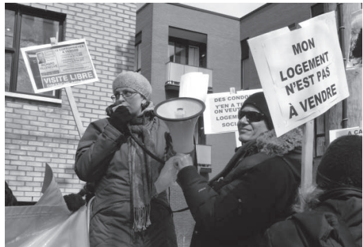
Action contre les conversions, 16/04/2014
================
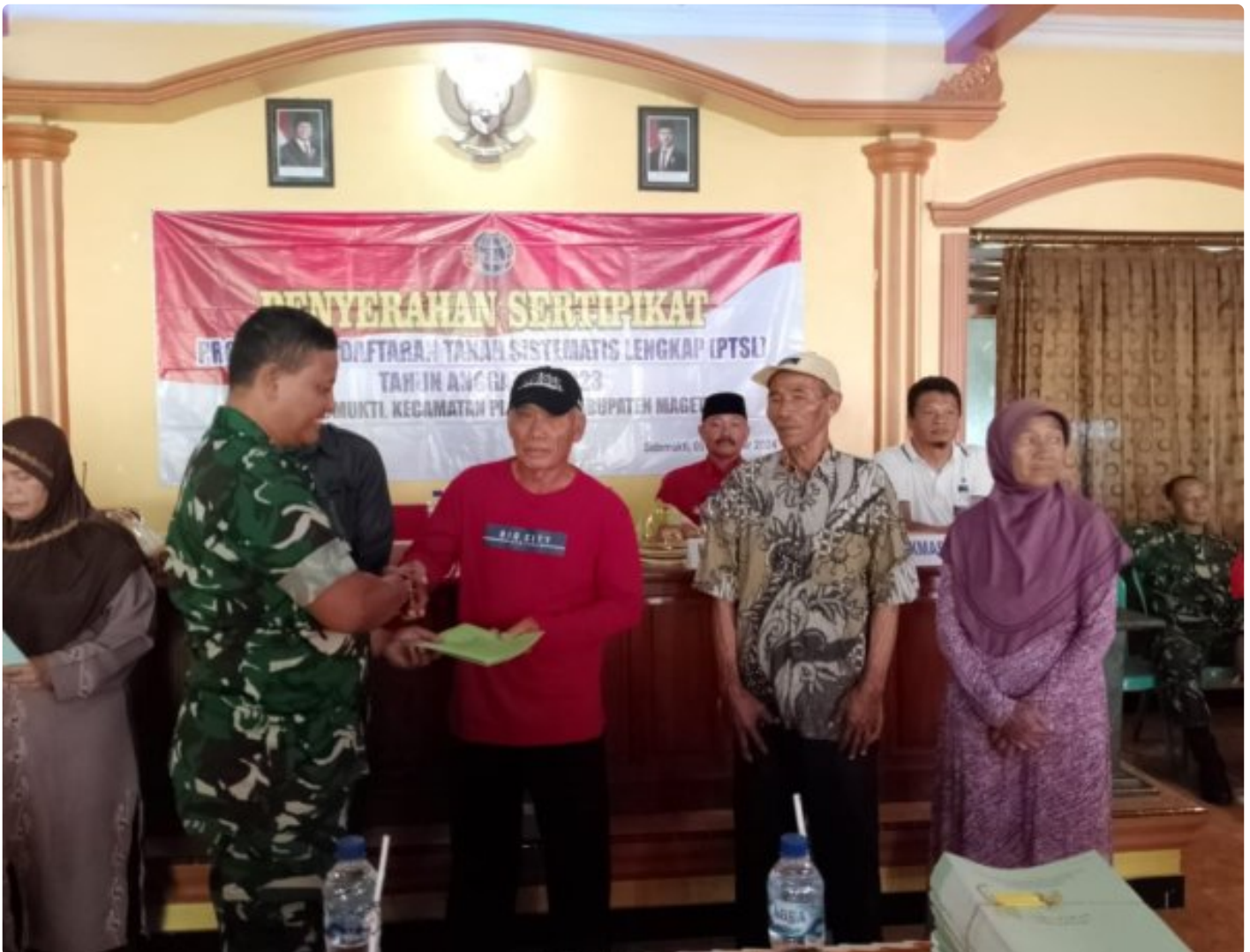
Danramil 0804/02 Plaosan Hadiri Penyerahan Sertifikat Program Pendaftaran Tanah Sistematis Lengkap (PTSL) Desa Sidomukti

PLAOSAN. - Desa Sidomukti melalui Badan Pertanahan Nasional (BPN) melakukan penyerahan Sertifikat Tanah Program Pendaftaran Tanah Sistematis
================
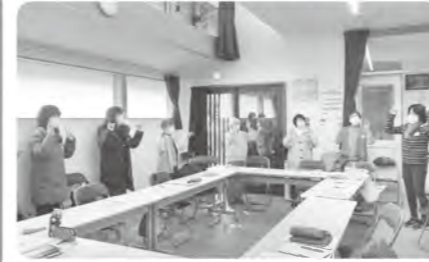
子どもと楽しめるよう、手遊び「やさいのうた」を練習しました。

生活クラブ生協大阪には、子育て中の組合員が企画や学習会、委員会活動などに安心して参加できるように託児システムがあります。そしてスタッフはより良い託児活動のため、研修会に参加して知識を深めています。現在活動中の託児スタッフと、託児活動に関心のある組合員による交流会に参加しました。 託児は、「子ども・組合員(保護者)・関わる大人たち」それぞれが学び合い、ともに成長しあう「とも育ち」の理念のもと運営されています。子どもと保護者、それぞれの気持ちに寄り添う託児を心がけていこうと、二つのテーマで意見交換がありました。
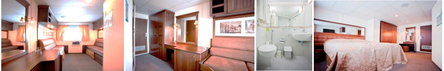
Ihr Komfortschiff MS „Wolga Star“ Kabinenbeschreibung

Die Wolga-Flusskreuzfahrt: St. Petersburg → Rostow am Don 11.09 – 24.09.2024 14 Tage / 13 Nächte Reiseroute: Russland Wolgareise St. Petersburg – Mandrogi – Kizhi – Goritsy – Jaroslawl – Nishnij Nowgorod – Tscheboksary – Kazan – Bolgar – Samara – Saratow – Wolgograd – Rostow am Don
================
Required action:
Once you reach the line with "子どもと楽しめるよう、手遊び「やさいのうた」を練習しました。" in the data above, copy it and every line after it exactly, up to and including the line with "生活クラブ生協大阪には、子育".

Result:
子どもと楽しめるよう、手遊び「やさいのうた」を練習しました。

生活クラブ生協大阪には、子育て中の組合員が企画や学習会、委員会活動などに安心して参加できるように託児システムがあります。そしてスタッフはより良い託児活動のため、研修会に参加して知識を深めています。現在活動中の託児スタッフと、託児活動に関心のある組合員による交流会に参加しました。 託児は、「子ども・組合員(保護者)・関わる大人たち」それぞれが学び合い、ともに成長しあう「とも育ち」の理念のもと運営されています。子どもと保護者、それぞれの気持ちに寄り添う託児を心がけていこうと、二つのテーマで意見交換がありました。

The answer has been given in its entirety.